Jack Tretton is a member of the advisory boards for Genotaur, an artificial intelligence startup, and LifeApps Digital Media, a digital publisher of products and services focused on health, fitness, and sports topics. He is best known for being the former president and CEO of Sony Computer Entertainment America (SCEA) from 2006 to 2014.

==Career==
After graduating from Providence College, Tretton was a territory manager for Duracell from 1983 through 1985. In 1986 he joined Activision as the vice president of sales until 1991, when he joined JVC Musical Industries and became general manager of JVC's game division until early 1995.

Tretton joined Sony in March 1995 and was part of the team that created the original PlayStation and was involved in the development and publishing of all major Sony consoles and handhelds. In November 2006, Tretton was promoted to president and CEO of SCEA, succeeding Kazuo Hirai who became president and COO of Sony Computer Entertainment. Following his appointment as president, Tretton personally presented Sony's conferences at E3 from 2007 to 2013.

In early March 2014 it was announced that Tretton would step down from his position at the end of the month, citing a mutual agreement between himself and SCEA not to renew his contract. He was succeeded by Shawn Layden, who was previously the executive vice president and COO of Sony Network Entertainment International.

In late May 2014, it was announced that Tretton joined the advisory board of Genotaur, a San Francisco-based artificial intelligence startup, and the following September it was announced Tretton joined the advisory board of LifeApps Digital Media, a digital publisher of products and services focused on health, fitness, and sports topics.

==Professional reputation==
Tretton has made a number of controversial comments regarding the video game industry. When asked in 2007 to describe each game console as a meal or food, Tretton called the PS3 "Surf 'n Turf" and the PS2 "your favorite burger restaurant," but called the Wii a "lollipop" and the Xbox 360 a restaurant he would "get sick from once in a while because the cook isn't always reliable." He also called the Nintendo 3DS "a great babysitting tool ... But no self-respecting twenty-something is going to be sitting on an airplane with one of those. He's too old for that."

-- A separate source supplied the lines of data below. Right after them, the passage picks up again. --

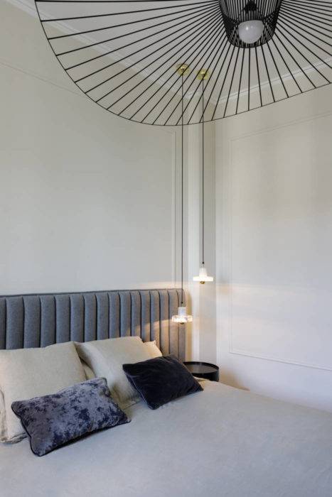 Apaisante, la chambre parentale se distingue grâce à ses belles lignes. La suspension « Vertigo » de Constance Guisset pour Petite Friture entame ainsi un joli dialogue avec la tête de lit conçue sur mesure en feutrine Kvadrat. Détail raffiné, deux suspensions « Stone » de Tom Dixon s’improvisent lampe de chevet et ajoutent encore du style à l’ensemble.
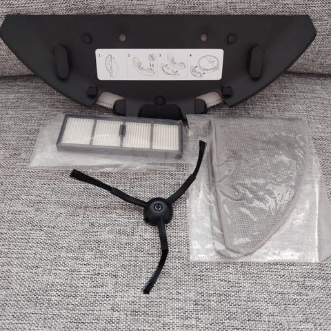 Pakkaus sisältää 2 sivuharjaa, 2 hankaavaa moppiliinaa, yleisharja ja HEPA-suodatin.
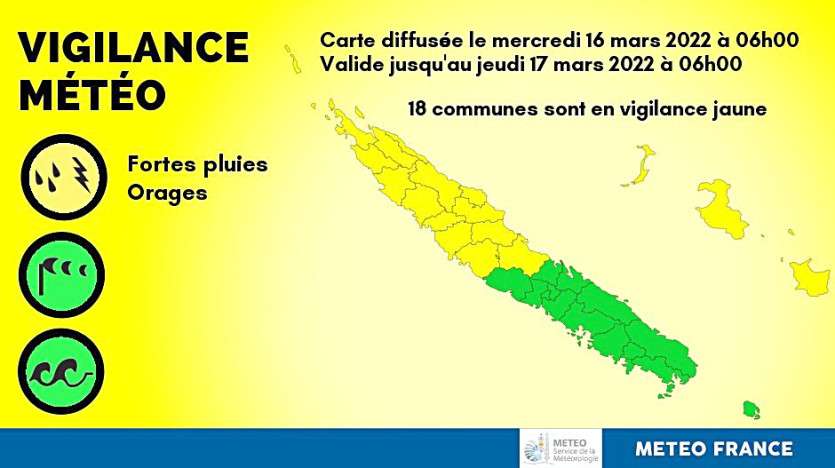 - B.B. | Crée le 16.03.2022 à 07h00 | Mis à jour le 16.03.2022 à 07h19ImprimerLa vigilance jaune orages et fortes pluies concerne les Loyauté et le Nord du pays. Carte Météo-France NCDe fortes pluies et des orages sont attendus dans toute la province Nord et les trois communes des Loyauté. Météo-France NC a placé dix-huit communes en vigilance jaune.
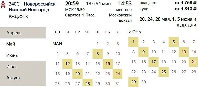 В зависимости от месяца, минимальная стоимость билета на поезд Саратов (Россия) — Нижний Новгород (Россия) колеблется от 1034 (ноябрь, поезд 339*С) до 2 187 рублей (май), а в среднем купить билет можно за 1257 — 1 265 рублей.
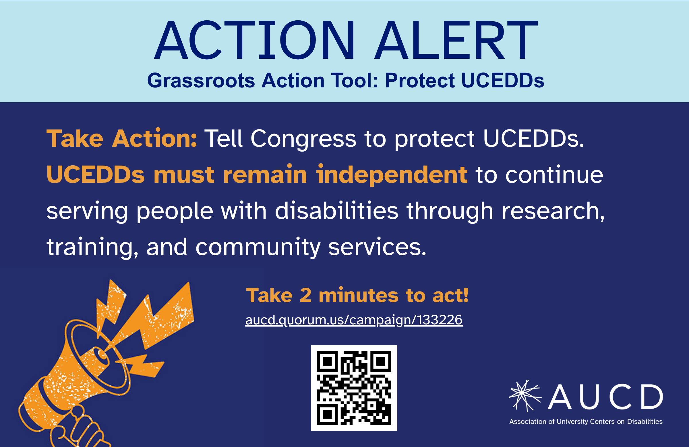 UCEDDs have been advancing disability rights for over 60 years—but now they’re at risk. The FY26 budget proposal would eliminate UCEDDs as independent programs, threatening services for people with disabilities, research and training, federal partnerships, and compliance with the DD Act. AUCD has launched an easy-to-use grassroots action tool for individuals, families, professionals, and allies to contact Congress and demand full funding for UCEDDs.

However, shortly after the PlayStation Vita was released in North America in February 2012, Tretton stated that he is a "believer in a rising tide lifting all boats" and that "a successful Nintendo or a successful gaming industry is good for anybody that's in the gaming business."

==Reception==
Tretton's popularity while working for SCEA led fans, including Greg Miller and Colin Moriarty, to informally refer to him as "Jackie T". He made his appearance on Kinda Funny Live 2 and KindaFunny's PlayStation Podcast "PS I LOVE YOU XOXO" in May 2016

==Personal==
Tretton was born in Boston, Massachusetts. He graduated from Providence College in 1983 with a Bachelor of Science in Marketing. During his time with Sony, Tretton supported the Lucile Packard Children's Hospital in Palo Alto, California by providing patients with PlayStation consoles and games.